Point cloud semantic segmentation is a key technique in the digital twin construction of water conservancy project, which can realize the identification and change detection of terrain features. However, constructing full-range point cloud data of the water conservancy environment remains one of the critical challenges for achieving comprehensive digital twin construction. Meanwhile, the openness of the water conservancy environment makes its point cloud data highly complex in structure with indistinct boundaries between different categories and huge differences in volume. This poses challenges to the accuracy and robustness of point cloud semantic segmentation algorithms. Therefore, we adopt unmanned aerial vehicle (UAV)-borne lidar to scan water conservancy scenes and construct a large-scale point cloud dataset, Water Conservancy Segment 3D (WCS3D), with approximately 265 million points. On this basis, we propose a point cloud segmentation model named PointBiMssc based on a bidirectional multi-scale attention mechanism for point cloud semantic segmentation in water conservancy environments. Experiments on our constructed dataset WCS3D and the benchmark dataset ScanNet V2 demonstrate that the proposed PointBiMssc model can accurately accomplish point cloud semantic segmentation tasks and generate high-precision segmentation boundaries. It surpasses the latest models including PointMetaBase, PointConvFormer, SPoTr and PointNeXt on the evaluation metrics of mIoU and OA, achieving state-of-the-art performance.

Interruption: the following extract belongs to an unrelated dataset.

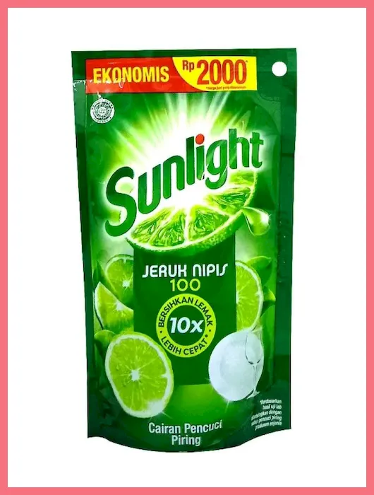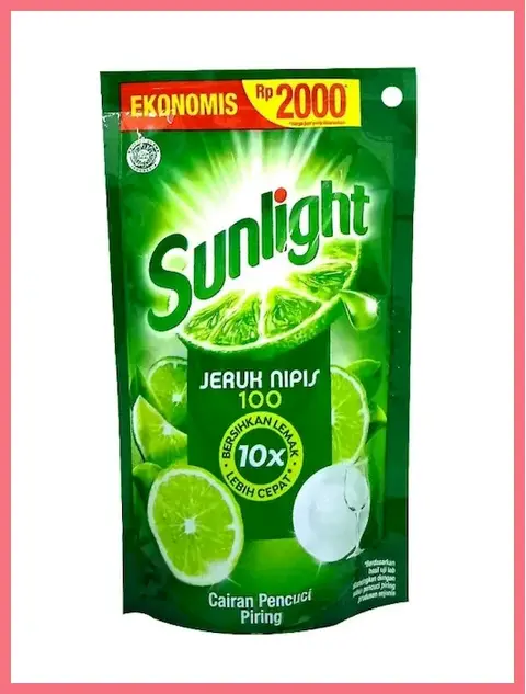 Kini Anda tidak akan merasa kesulitan dalam urusan mencuci piring, karena Sunlight punya banyak varian produk pencuci piring yang ampuh menghilangkan noda lemak yang sulit dibersihkan. Khusus untuk varian Sunlight Jeruk Nipis 100 yang baru, dikemas dalam ukuran botol 400ml & 750ml. Sedangkan untuk kemasan ekonomis (pouch) hadir dalam beberapa ukuran 90ml / 200ml / 400ml / 800ml / 1600ml. Dari setiap tetes cairan pencuci piring Sunlight Jeruk Nipis 100 diperkaya dengan estra jeruk nipis asli sehingga dapat membersihkan lemak secara maksimal.

conda create -n model python=3.8 -y
conda activate model
conda install ninja -y
# Choose version you want here: https://pytorch.org/get-started/previous-versions/
conda install pytorch==1.12.1 torchvision==0.13.1 torchaudio==0.12.1 cudatoolkit=11.3 -c pytorch -y
conda install h5py pyyaml -c anaconda -y
conda install sharedarray tensorboard tensorboardx yapf addict einops scipy plyfile termcolor timm -c conda-forge -y
cd libs/pointops
# usual
python setup.py install
# docker & multi GPU arch
TORCH_CUDA_ARCH_LIST="ARCH LIST" python setup.py install
# e.g. 7.5: RTX 3000; 8.0: a100 More available in: https://developer.nvidia.com/cuda-gpus
TORCH_CUDA_ARCH_LIST="7.5 8.0" python setup.py install
cd ../..
You can check your gpu architecture with the following code
CUDA_VISIBLE_DEVICES=0 python -c "import torch; print (torch.cuda.get_device_capability ())"
For the WCS3D dataset you can click [here](XTU-SCS-HappyCV/WCS3D: A point cloud dataset for outdoor water conservancy scenarios. (github.com))
For the Scannet v2 dataset you can click [here](ScanNet | Richly-annotated 3D Reconstructions of Indoor Scenes (scan-net.org)). Note that please download the data in kaggle's trainval_0.25_pth.zip file
You need to set the data path, which can be placed anywhere in the data directory of the project folder through a soft connection
ln -s /data/... ./data/scannet/train...
ln -s /data/... ./data/wcs3d/train...
Click here to download weights and create a weight folder in the root directory, like [PointBiMssc/weight]
With the above steps ready, we can start training and testing, note that only the key parameters are given in our sh file, please refer to the config file for details
# scannetv2
sh scripts/train.sh -s "log/scv2" -c "configs/semseg-scannet.py" -g 2
# wcs3d
sh scripts/train.sh -s "log/wcs3d" -c "configs/semseg-wcs3d..py" -g 2
# scannetv2
sh scripts/test.sh -s "log/scannet" -c "configs/semseg-scannet.py" -w "weight/model_best_scv2.pth"
# wcs3d
sh scripts/test.sh -s "log/wcs3d" -c "configs/semseg-wcs3d.py" -w "weight/model_best_wcs3d.pth"